TeX - LaTeX Asked by nick_eu on September 6, 2021
Trying to get texcount
to not count numbers as words, but setting alphabets=Latin
doesn’t seem to be solving the problem. Any suggestions?
MWE:
begin{document}
testing 1 2 3 this should be five
end{document}
texcount
outputs:
➜ texcount FORWORDCOUNT.tex
File: FORWORDCOUNT.tex
Encoding: ascii
Words in text: 8
Words in headers: 0
Words outside text (captions, etc.): 0
Number of headers: 0
Number of floats/tables/figures: 0
Number of math inlines: 0
Number of math displayed: 0
➜ texcount -alphabets=Latin FORWORDCOUNT.tex
File: FORWORDCOUNT.tex
Encoding: ascii
Words in text: 8
Words in headers: 0
Words outside text (captions, etc.): 0
Number of headers: 0
Number of floats/tables/figures: 0
Number of math inlines: 0
Number of math displayed: 0
Ugh, figured it out. Needed to set encoding to unicode
. This works:
➜ texcount -alphabets=Latin FORWORDCOUNT.tex -unicode
File: FORWORDCOUNT.tex
Words in text: 5
Words in headers: 0
Words outside text (captions, etc.): 0
Number of headers: 0
Number of floats/tables/figures: 0
Number of math inlines: 0
Number of math displayed: 0
Correct answer by nick_eu on September 6, 2021
Updated answer:
Starting with version 3.2, it is possible to distinguish between words and numbers.
There is a new TeXcount instruction, %TC:wordtype {original-rule} {wordtype} {new-rule}
, which allows the counting rule to be modified depending on word type: number
, mixed
(letters and numbers), or nonum
(word without any digits).
Add the rule
%TC:wordtype text number ignore
and words in text be ignored. To do the same for "header words" and "other words", also add the following:
%TC:wordtype otherword number ignore
%TC:wordtype headerword number ignore
The text
rule is just and alias for the word
rule: the other rules also have aliases like oword
and hword
.
Beware that this feature is somewhat experimental and may change somewhat in future versions.

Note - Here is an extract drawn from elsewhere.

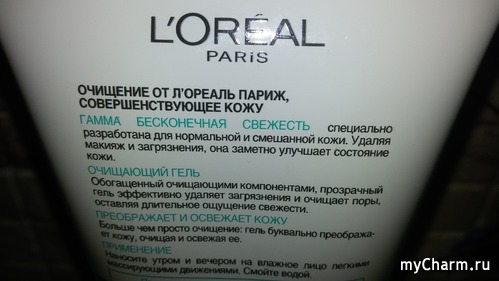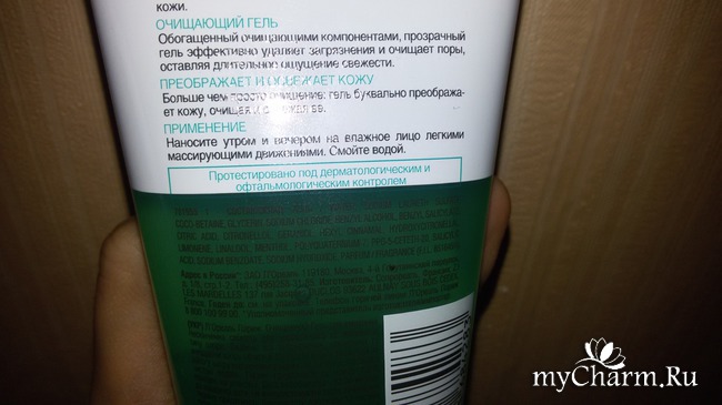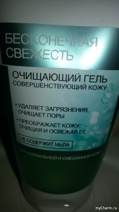 Четкий и в меру крупный шрифт отлично воспринимается и читается. Производитель сразу делает ставку на максимализм, заявляя, что этот гель, «совершенствующий кожу», дарит «бесконечную свежесть». Кстати, слово «очищающий» и его однокоренные варианты на лицевой стороне упаковки упомянуты аж три раза.
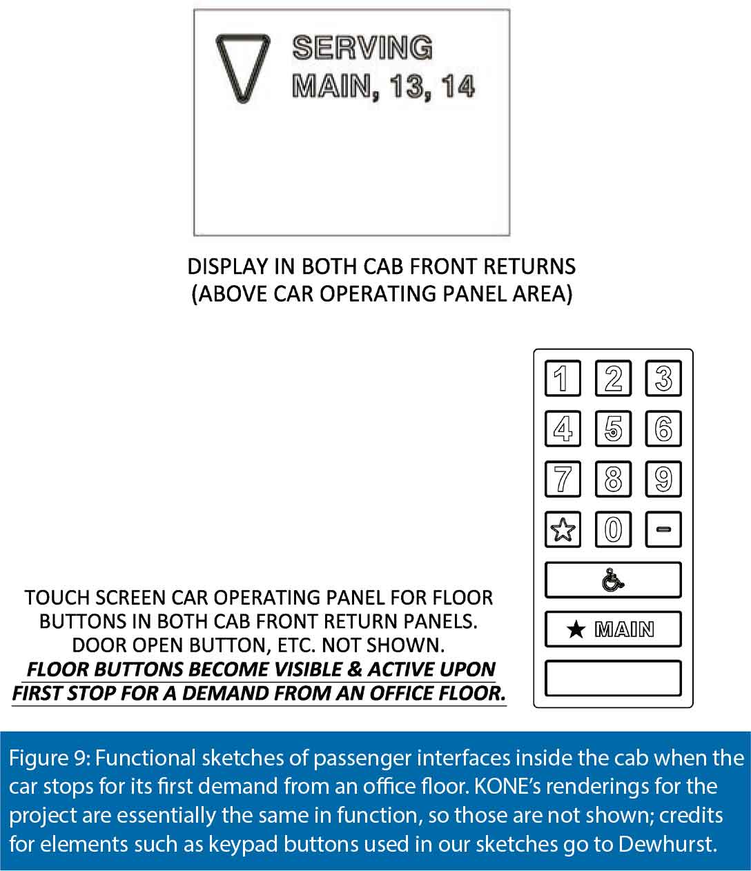 Special credit is also extended to Dewhurst PLC, an independent U.K. provider of fixtures to the elevator/lift, keypad and rail industries, for its details of keypad buttons, arrows and car letter signs used in our original sketches. Also, the project graphics are in-progress screenshots by KONE that show industrial design thought extending beyond our sketches, which were only functional drawings.

I'm moving from the comments to an answer, although it's not yet an answer to what is going on.
As mentioned in the comments, the option -alphabets=Latin
should have worked without the -unicode
option. When I test this on Windows 10, it works as it should.
The only effect of the -unicode
option is to ensure the file gets decoded as UTF8, instead of as ASCII which would be the default since the input is pure ASCII. This could influence how the string is represented internally by Perl, but unless you're having an old Perl version, the internal representation should be UTF8.
Could you check which Perl version you run? I'd think perl --version
should return that you're running some Perl 5 version.
I did some tests with small scripts like this:
use Encode;
use Devel::Peek;
my $enc=find_encoding('ascii');
my $x=$enc->decode('test123');
Dump($x);
$x=~s/(p{Latin})/[$1]/g;
print $x;
However, no matter what I did, I couldn't get it to output anything other than [t][e][s][t]123
indicating that it had correctly identified the Latin letters.
I even tried my $x=$enc->encode('test123');
which forces a byte representation of $x
(not with the UTF8 flag set), but it still gave the same result. I thought the Unicode character classes, eg Latin
, might not work if the string is not in UTF8 representation, but that didn't seem to be a problem; maybe it would be on older/other Perl version.
I've been running TeXcount 3.1 on Windows 10 using Perl 5 (v5.24.0), but checked TeXcount 3.0 as well to make sure there were no relevant changes.